ASSIGNMENT — Take the line containing "一个可爱的婴儿在浴盆中被温柔" and all lines after it, through the end of the material, and repeat them exactly, pictures left out.

______________________________

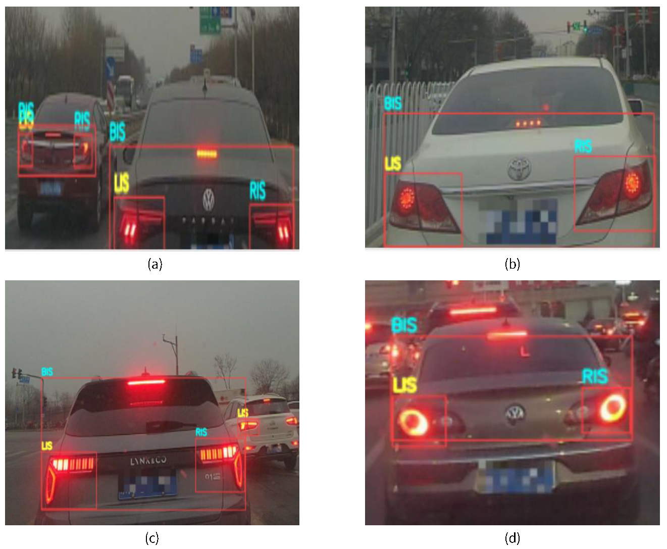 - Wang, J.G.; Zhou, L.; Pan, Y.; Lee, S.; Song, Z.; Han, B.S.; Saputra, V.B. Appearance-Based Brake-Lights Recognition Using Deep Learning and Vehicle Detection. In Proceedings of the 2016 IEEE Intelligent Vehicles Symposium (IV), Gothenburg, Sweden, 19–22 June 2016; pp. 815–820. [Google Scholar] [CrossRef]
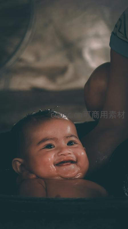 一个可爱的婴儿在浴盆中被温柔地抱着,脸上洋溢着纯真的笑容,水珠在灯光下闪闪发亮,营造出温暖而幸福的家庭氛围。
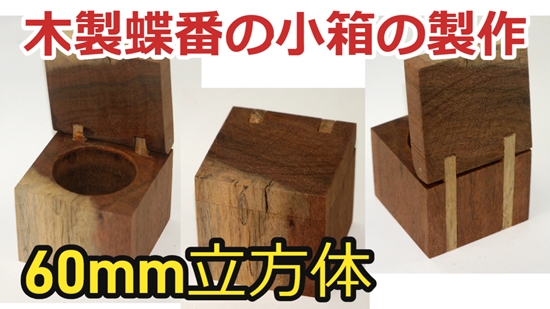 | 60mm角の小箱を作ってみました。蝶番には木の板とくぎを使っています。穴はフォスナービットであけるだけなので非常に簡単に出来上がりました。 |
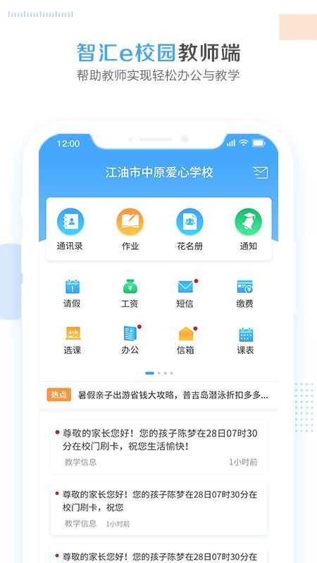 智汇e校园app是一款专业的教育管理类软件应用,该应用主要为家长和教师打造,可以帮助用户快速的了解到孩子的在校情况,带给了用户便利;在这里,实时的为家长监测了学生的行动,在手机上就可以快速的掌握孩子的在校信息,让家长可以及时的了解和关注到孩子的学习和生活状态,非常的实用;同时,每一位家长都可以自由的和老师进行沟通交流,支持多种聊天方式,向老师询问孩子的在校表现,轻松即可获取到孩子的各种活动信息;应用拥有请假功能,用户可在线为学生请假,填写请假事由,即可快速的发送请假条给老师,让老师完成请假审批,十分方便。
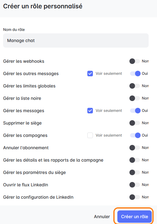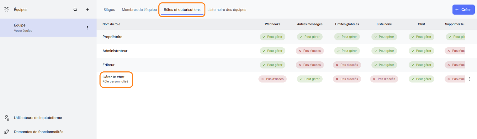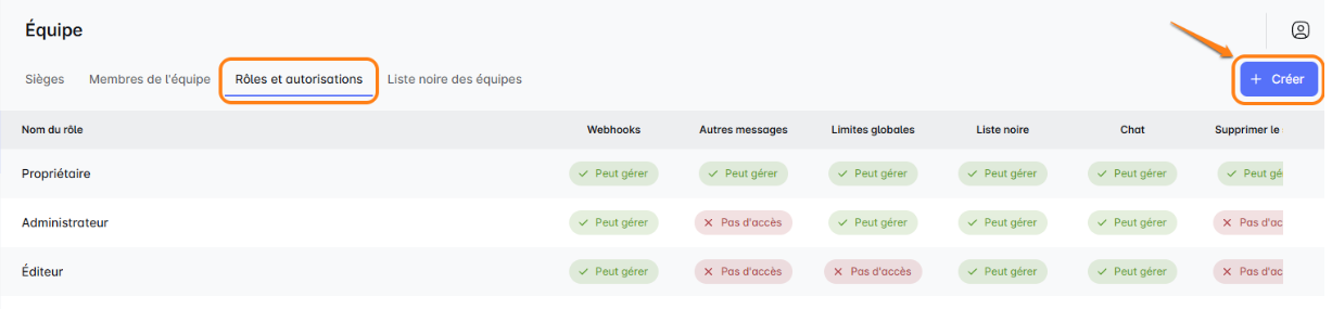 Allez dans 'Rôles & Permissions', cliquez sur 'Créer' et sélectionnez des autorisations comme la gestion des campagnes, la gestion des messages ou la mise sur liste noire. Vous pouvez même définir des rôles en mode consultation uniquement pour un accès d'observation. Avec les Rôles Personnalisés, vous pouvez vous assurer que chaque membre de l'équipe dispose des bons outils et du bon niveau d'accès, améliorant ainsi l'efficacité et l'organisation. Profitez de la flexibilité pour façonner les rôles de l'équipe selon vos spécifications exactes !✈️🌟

______________________________

EXERCISE OUTPUT —
 一个可爱的婴儿在浴盆中被温柔地抱着,脸上洋溢着纯真的笑容,水珠在灯光下闪闪发亮,营造出温暖而幸福的家庭氛围。
 | 60mm角の小箱を作ってみました。蝶番には木の板とくぎを使っています。穴はフォスナービットであけるだけなので非常に簡単に出来上がりました。 |
 智汇e校园app是一款专业的教育管理类软件应用,该应用主要为家长和教师打造,可以帮助用户快速的了解到孩子的在校情况,带给了用户便利;在这里,实时的为家长监测了学生的行动,在手机上就可以快速的掌握孩子的在校信息,让家长可以及时的了解和关注到孩子的学习和生活状态,非常的实用;同时,每一位家长都可以自由的和老师进行沟通交流,支持多种聊天方式,向老师询问孩子的在校表现,轻松即可获取到孩子的各种活动信息;应用拥有请假功能,用户可在线为学生请假,填写请假事由,即可快速的发送请假条给老师,让老师完成请假审批,十分方便。
 Allez dans 'Rôles & Permissions', cliquez sur 'Créer' et sélectionnez des autorisations comme la gestion des campagnes, la gestion des messages ou la mise sur liste noire. Vous pouvez même définir des rôles en mode consultation uniquement pour un accès d'observation. Avec les Rôles Personnalisés, vous pouvez vous assurer que chaque membre de l'équipe dispose des bons outils et du bon niveau d'accès, améliorant ainsi l'efficacité et l'organisation. Profitez de la flexibilité pour façonner les rôles de l'équipe selon vos spécifications exactes !✈️🌟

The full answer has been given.